_YOUR GOAL_.
Reproduce exactly only the lines from the line that holds "Bring heroic holiday" to the line that holds "Barwa drzwi wewnętrznych", inclusive, in the listing below, and please leave out every picture.

_SUPPLIED RECORDS_.

***

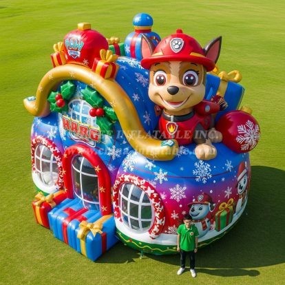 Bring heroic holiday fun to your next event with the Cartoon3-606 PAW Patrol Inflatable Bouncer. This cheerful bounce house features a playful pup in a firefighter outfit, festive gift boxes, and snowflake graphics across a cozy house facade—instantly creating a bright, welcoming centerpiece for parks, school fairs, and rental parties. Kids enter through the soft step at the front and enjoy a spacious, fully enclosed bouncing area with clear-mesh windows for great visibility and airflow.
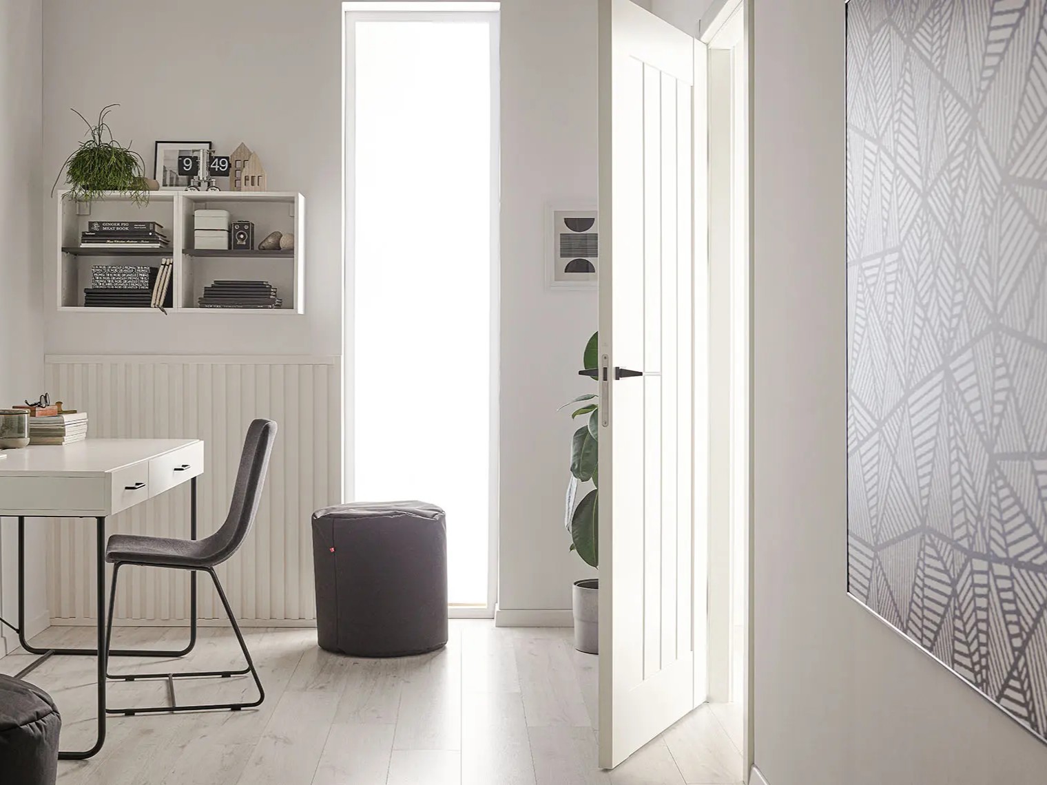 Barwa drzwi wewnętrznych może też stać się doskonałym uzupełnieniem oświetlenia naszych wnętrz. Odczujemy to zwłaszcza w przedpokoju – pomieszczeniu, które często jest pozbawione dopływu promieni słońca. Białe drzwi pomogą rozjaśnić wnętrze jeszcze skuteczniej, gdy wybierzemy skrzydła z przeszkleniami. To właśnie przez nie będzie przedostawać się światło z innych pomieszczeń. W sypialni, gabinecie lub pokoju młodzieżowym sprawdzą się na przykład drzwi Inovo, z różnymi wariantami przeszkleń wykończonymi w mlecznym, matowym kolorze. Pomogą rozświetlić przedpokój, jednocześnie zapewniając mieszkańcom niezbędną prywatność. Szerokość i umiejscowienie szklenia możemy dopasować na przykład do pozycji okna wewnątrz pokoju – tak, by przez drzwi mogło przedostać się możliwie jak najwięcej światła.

***

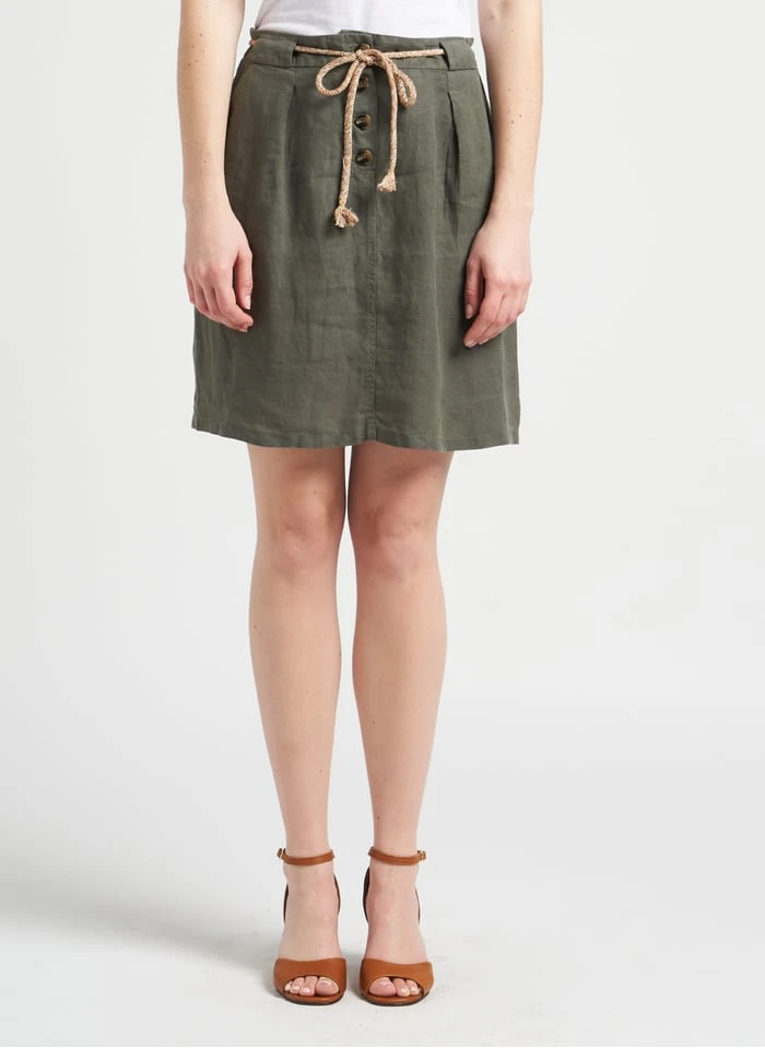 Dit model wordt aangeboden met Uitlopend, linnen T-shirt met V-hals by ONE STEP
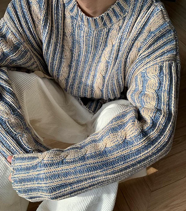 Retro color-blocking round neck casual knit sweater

***

_ANSWER TO THE PROBLEM_.
 Bring heroic holiday fun to your next event with the Cartoon3-606 PAW Patrol Inflatable Bouncer. This cheerful bounce house features a playful pup in a firefighter outfit, festive gift boxes, and snowflake graphics across a cozy house facade—instantly creating a bright, welcoming centerpiece for parks, school fairs, and rental parties. Kids enter through the soft step at the front and enjoy a spacious, fully enclosed bouncing area with clear-mesh windows for great visibility and airflow.
 Barwa drzwi wewnętrznych może też stać się doskonałym uzupełnieniem oświetlenia naszych wnętrz. Odczujemy to zwłaszcza w przedpokoju – pomieszczeniu, które często jest pozbawione dopływu promieni słońca. Białe drzwi pomogą rozjaśnić wnętrze jeszcze skuteczniej, gdy wybierzemy skrzydła z przeszkleniami. To właśnie przez nie będzie przedostawać się światło z innych pomieszczeń. W sypialni, gabinecie lub pokoju młodzieżowym sprawdzą się na przykład drzwi Inovo, z różnymi wariantami przeszkleń wykończonymi w mlecznym, matowym kolorze. Pomogą rozświetlić przedpokój, jednocześnie zapewniając mieszkańcom niezbędną prywatność. Szerokość i umiejscowienie szklenia możemy dopasować na przykład do pozycji okna wewnątrz pokoju – tak, by przez drzwi mogło przedostać się możliwie jak najwięcej światła.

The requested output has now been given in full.